[[ Material shown open ]]

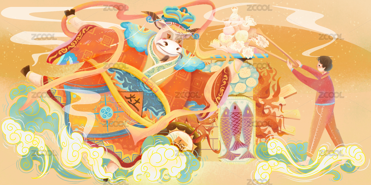 新年习俗牛年祭灶插画
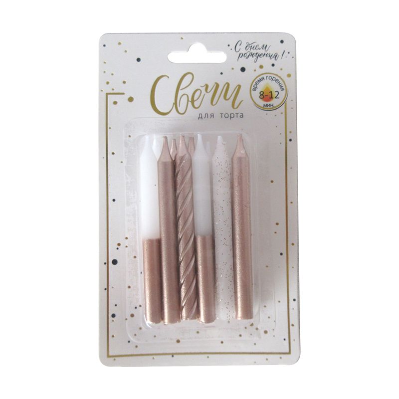 Свечи тортово-коктейльные Микс Ассорти Роза-голд, 8 см, 24 шт в упак.
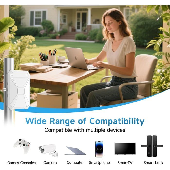 N300 Repeteur WiFi Puissant Exterieur, Amplificateur WiFi Exterieur avec 4 Antennes Intégrées, IP67 RéSistant Aux IntempéRies, WPA/WPA3, with PoE, Port Ethernet, Convient pour Le Jardin, La Cour Un seul câble est nécessaire pour l'alimentation et la transmission des données. Amplificateur WiFi étanche IP67 4 Antennes N300 Repeteur Wifi Puissant Exterieur,Amplificateur Wifi Exterieur Avec 4 Antennes Intégrées,Ip67 Résistant Aux Intempéries,Wpa - Informatique Amplificateur Wifi Extérieur Puissant N300 Repeteur wifi Puissant Exterieur, Amplificateur WiFi avec 4 Antennes Intégrées, IP67 RéSistant Aux IntempéRies, Sécurité WPA/WPA3, Passif PoE, Port Ethernet, Convient Pour Le Jardin, La Cour Il prend en charge les protocoles de sécurité tels que WEP, WPA-PSK et WPA2-PSK pour sécuriser votre réseau sans fil et empêcher tout accès non autorisé 【Installation Facile】Le processus d'installation intuitif et les instructions claires de ce repeteur wifi puissant garantissent que votre amplificateur wifi exterieur sera opérationnel en quelques minutes, et non en heures, avec une couverture Wi-Fi rapide 2025 Répéteur WiFi Extérieur Puissant, Extenseur WiFi 300bps 2.4GHz... Répéteur WiFi 6 Extérieur/Aplificateur Puissant Longue Portée AX3000 【Installation PoE Passive Flexible】Cet amplificateur wifi exterieur adopte la technologie PoE passive innovante, ce qui élimine le besoin d'un adaptateur d'alimentation supplémentaire. Remarque : le convertisseur PoE n'est pas étanche 【All-Weather Suitability】This amplificateur wifi exterieur has IP67 weatherproof function, which is made of waterproof, heat-resistant and cold resistant materials, which ensures normal operation in extreme cold, high temperature, thunderstorms, or constant humidity, and guarantees that the device will continue to operate stably in all weather conditions
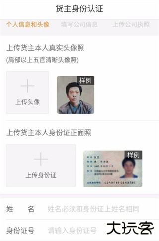 3、在认证中心选择「货主身份认证」,按要求完整填写个人真实信息,包含姓名、身份证号等关键字段。
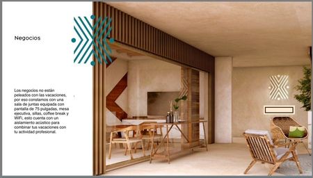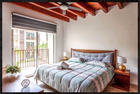 Contamos con 42 departamentos de 2 Recámaras y 2 Baños, para entrega inmediata, con un diseño Boho Mediterráneo, el cual combina maderas, paredes claras, piedra Maya y losas catalanas, equipados con :
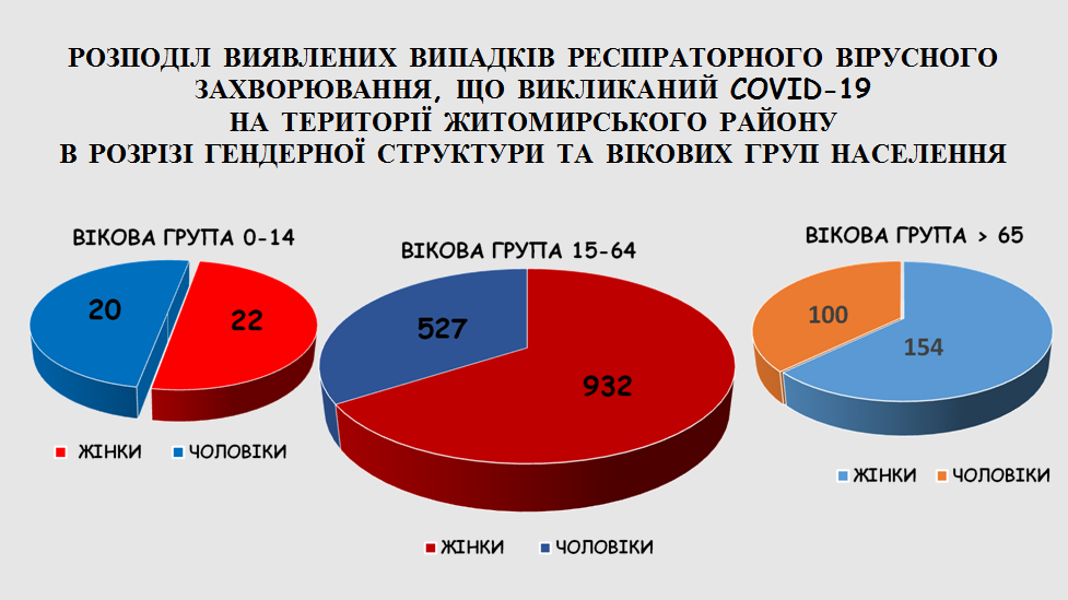За період спостереження (з квітня 2020 року), станом на 09 грудня, у Житомирському районі зафіксовано 1760 випадків захворювання на коронавірусну хворобу COVID-19. З яких 165 медичних працівників.
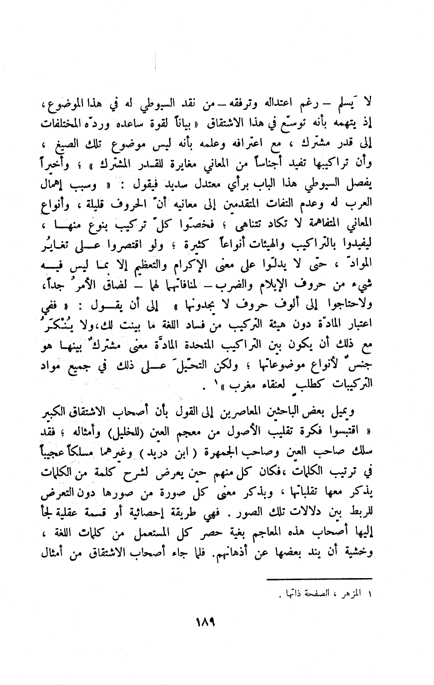 لا يسلم -رغم اعتداله وترفقه- من نقد السيوطي له في هذا الموضوع، إذ يتهمه بأنه توسَّعَ في هذا الاشتقاق "بيانًا لقوة ساعده, وردّه المختلفات إلى قدر مشترك، مع اعترافه وعلمه بأنه ليس موضوع تلك الصيغ، وأن تراكيبها تفيد أجناسًا من المعاني مغايرة للقدر المشترك"؛ وأخيرًا يفصل السيوطي هذا الباب برأيٍ معتدلٍ سديدٍ فيقول: "وسبب إهمال العرب له, وعدم التفات المتقدمين إلى معانيه, أن الحروف قليلة، وأنواع المعاني المتفاهمة لا تكاد تتناهى؛ فخصوا كل تركيب بنوع منها، ليفيدوا بالتراكيب والهيئات أنواعًا كثيرة؛ ولو اقتصروا على تغاير المواد، حتى لا يدلوا على معنى الإكرام والتعظيم إلّا بما ليس فيه شيء من حروف الإيلام والضرب -لمنافاتها لهما- لضاق الأمر جدًّا، ولاحتاجوا إلى ألوف حروف لا يجدونها" إلى أن يقول: "ففي اعتباره المادة دون هيئة التركيب من فساد اللغة ما بينت لك، ولا يُنْكَرُ مع ذلك أن يكون بين التراكيب المتحدة المادة معنًى مشتركٌ بينها, هو جنس لأنواع موضوعاتها؛ ولكن التحيّل على ذلك في جميع مواد التركيبات كطلبٍ لعنقاء مغرب"1.
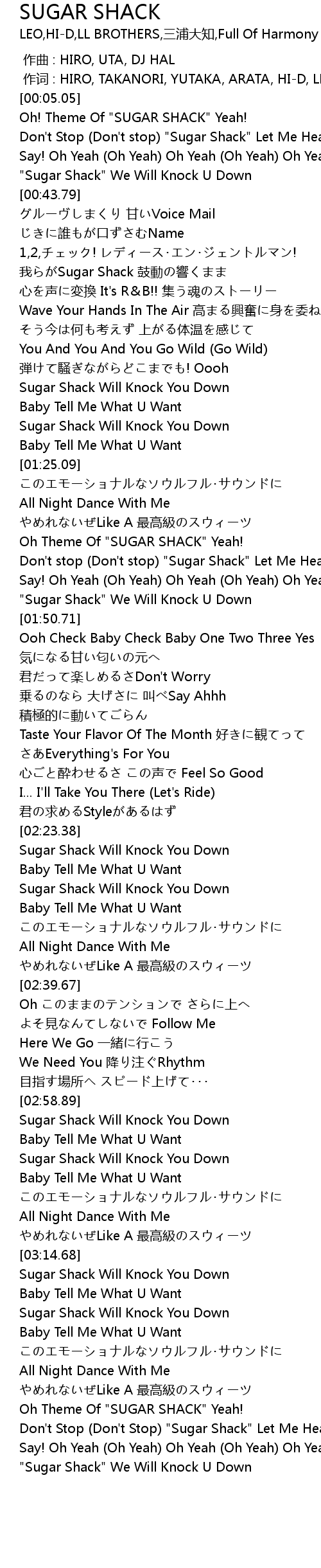 | [03:31.65] | Oh Theme Of "SUGAR SHACK" Yeah! |
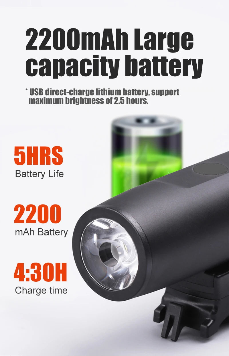 Xoss Bicycle Light 400Lumen Bike Headlight Power Bank Flashlight Handlebar US...
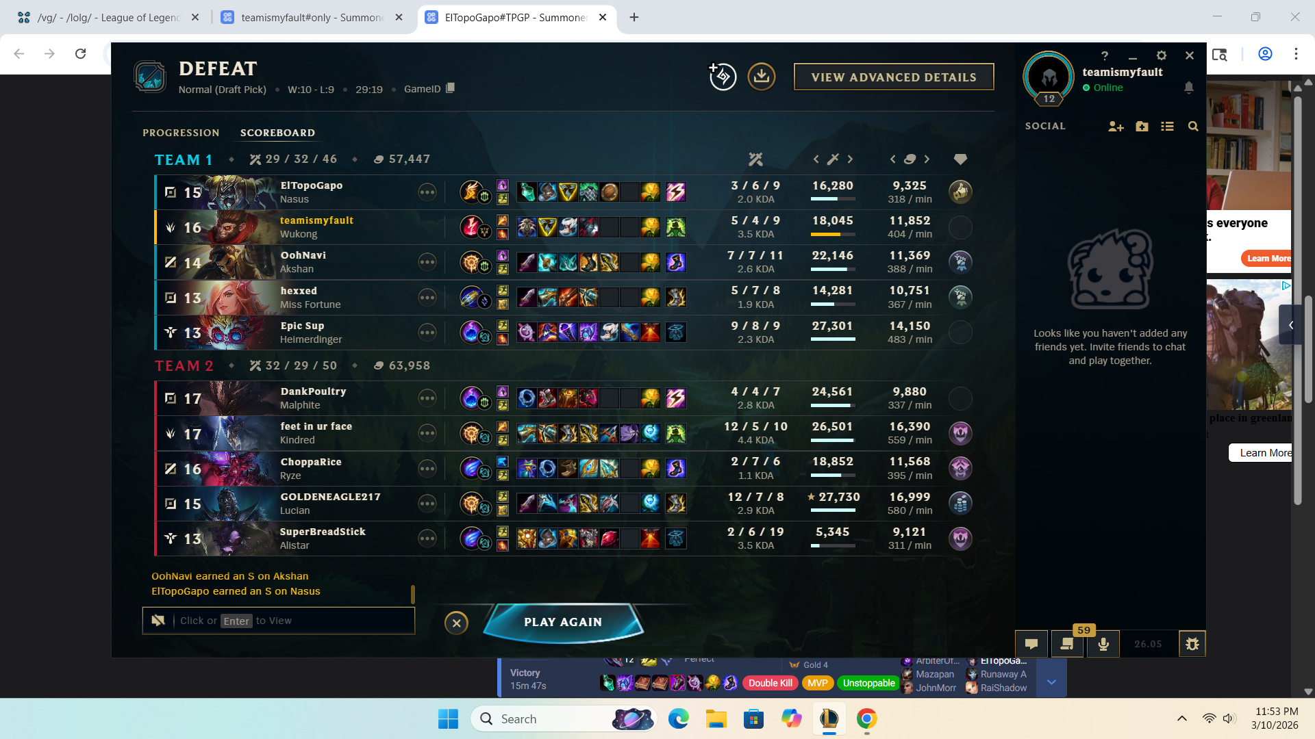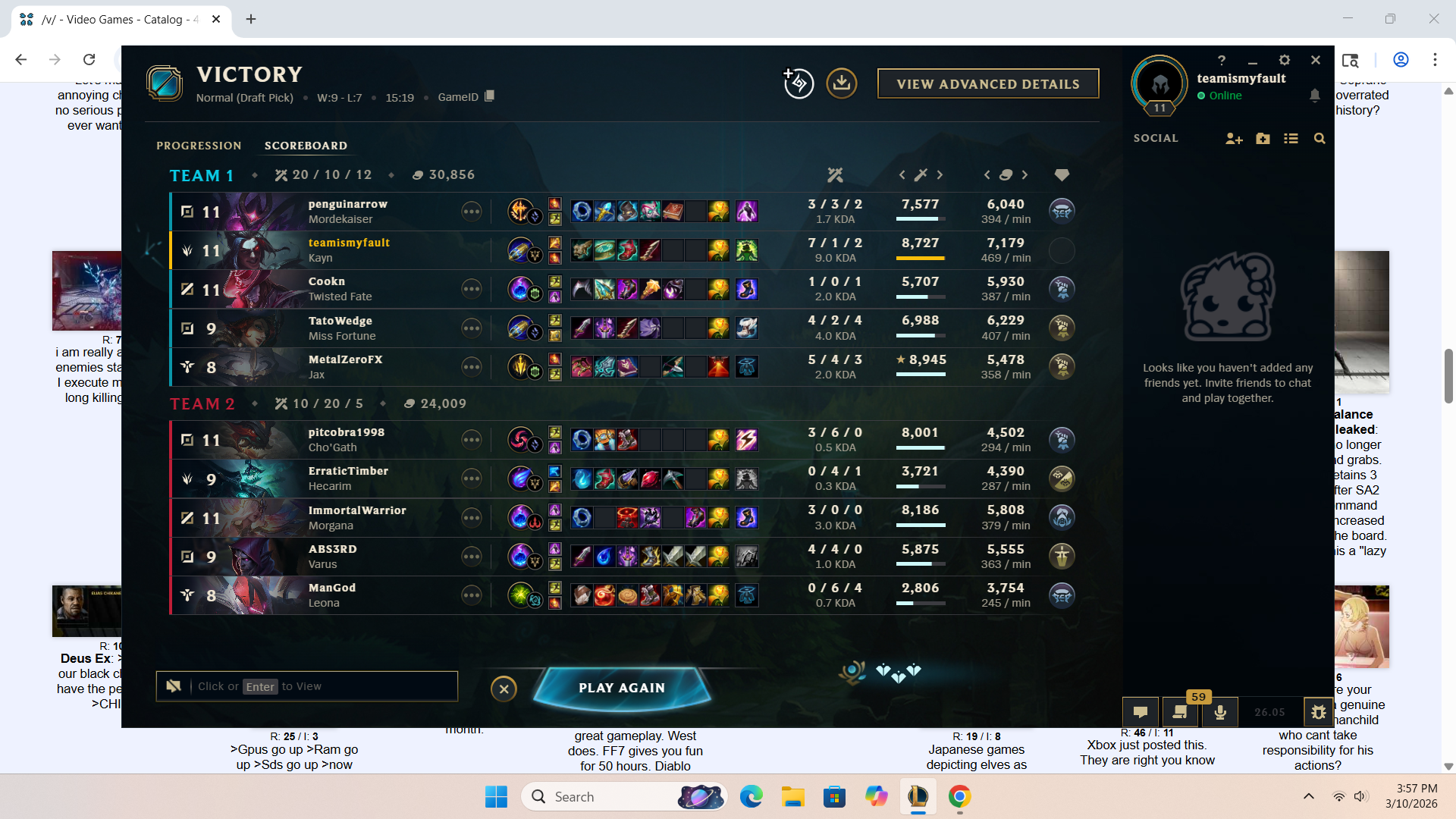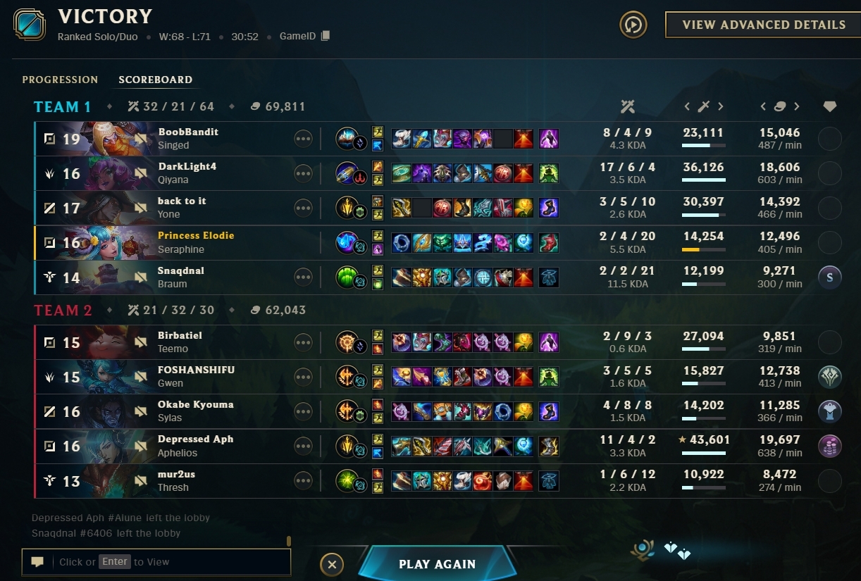 >>559970331How anyone could look at this scoreline and unironically type this response >>559972712Is hilarious. This entire thread is just full of larpers isnt it>>559974126Yeah i pretty much just stop playing if I get invaded for free cause my team is tunneling their lanes

[[ Material shown closed ]]

- _Task description_
The data is to be returned exactly as it stands, pictures aside.

- _Answer_
 新年习俗牛年祭灶插画
 Свечи тортово-коктейльные Микс Ассорти Роза-голд, 8 см, 24 шт в упак.
 N300 Repeteur WiFi Puissant Exterieur, Amplificateur WiFi Exterieur avec 4 Antennes Intégrées, IP67 RéSistant Aux IntempéRies, WPA/WPA3, with PoE, Port Ethernet, Convient pour Le Jardin, La Cour Un seul câble est nécessaire pour l'alimentation et la transmission des données. Amplificateur WiFi étanche IP67 4 Antennes N300 Repeteur Wifi Puissant Exterieur,Amplificateur Wifi Exterieur Avec 4 Antennes Intégrées,Ip67 Résistant Aux Intempéries,Wpa - Informatique Amplificateur Wifi Extérieur Puissant N300 Repeteur wifi Puissant Exterieur, Amplificateur WiFi avec 4 Antennes Intégrées, IP67 RéSistant Aux IntempéRies, Sécurité WPA/WPA3, Passif PoE, Port Ethernet, Convient Pour Le Jardin, La Cour Il prend en charge les protocoles de sécurité tels que WEP, WPA-PSK et WPA2-PSK pour sécuriser votre réseau sans fil et empêcher tout accès non autorisé 【Installation Facile】Le processus d'installation intuitif et les instructions claires de ce repeteur wifi puissant garantissent que votre amplificateur wifi exterieur sera opérationnel en quelques minutes, et non en heures, avec une couverture Wi-Fi rapide 2025 Répéteur WiFi Extérieur Puissant, Extenseur WiFi 300bps 2.4GHz... Répéteur WiFi 6 Extérieur/Aplificateur Puissant Longue Portée AX3000 【Installation PoE Passive Flexible】Cet amplificateur wifi exterieur adopte la technologie PoE passive innovante, ce qui élimine le besoin d'un adaptateur d'alimentation supplémentaire. Remarque : le convertisseur PoE n'est pas étanche 【All-Weather Suitability】This amplificateur wifi exterieur has IP67 weatherproof function, which is made of waterproof, heat-resistant and cold resistant materials, which ensures normal operation in extreme cold, high temperature, thunderstorms, or constant humidity, and guarantees that the device will continue to operate stably in all weather conditions
 3、在认证中心选择「货主身份认证」,按要求完整填写个人真实信息,包含姓名、身份证号等关键字段。
 Contamos con 42 departamentos de 2 Recámaras y 2 Baños, para entrega inmediata, con un diseño Boho Mediterráneo, el cual combina maderas, paredes claras, piedra Maya y losas catalanas, equipados con :
За період спостереження (з квітня 2020 року), станом на 09 грудня, у Житомирському районі зафіксовано 1760 випадків захворювання на коронавірусну хворобу COVID-19. З яких 165 медичних працівників.
 لا يسلم -رغم اعتداله وترفقه- من نقد السيوطي له في هذا الموضوع، إذ يتهمه بأنه توسَّعَ في هذا الاشتقاق "بيانًا لقوة ساعده, وردّه المختلفات إلى قدر مشترك، مع اعترافه وعلمه بأنه ليس موضوع تلك الصيغ، وأن تراكيبها تفيد أجناسًا من المعاني مغايرة للقدر المشترك"؛ وأخيرًا يفصل السيوطي هذا الباب برأيٍ معتدلٍ سديدٍ فيقول: "وسبب إهمال العرب له, وعدم التفات المتقدمين إلى معانيه, أن الحروف قليلة، وأنواع المعاني المتفاهمة لا تكاد تتناهى؛ فخصوا كل تركيب بنوع منها، ليفيدوا بالتراكيب والهيئات أنواعًا كثيرة؛ ولو اقتصروا على تغاير المواد، حتى لا يدلوا على معنى الإكرام والتعظيم إلّا بما ليس فيه شيء من حروف الإيلام والضرب -لمنافاتها لهما- لضاق الأمر جدًّا، ولاحتاجوا إلى ألوف حروف لا يجدونها" إلى أن يقول: "ففي اعتباره المادة دون هيئة التركيب من فساد اللغة ما بينت لك، ولا يُنْكَرُ مع ذلك أن يكون بين التراكيب المتحدة المادة معنًى مشتركٌ بينها, هو جنس لأنواع موضوعاتها؛ ولكن التحيّل على ذلك في جميع مواد التركيبات كطلبٍ لعنقاء مغرب"1.
 | [03:31.65] | Oh Theme Of "SUGAR SHACK" Yeah! |
 Xoss Bicycle Light 400Lumen Bike Headlight Power Bank Flashlight Handlebar US...
 >>559970331How anyone could look at this scoreline and unironically type this response >>559972712Is hilarious. This entire thread is just full of larpers isnt it>>559974126Yeah i pretty much just stop playing if I get invaded for free cause my team is tunneling their lanes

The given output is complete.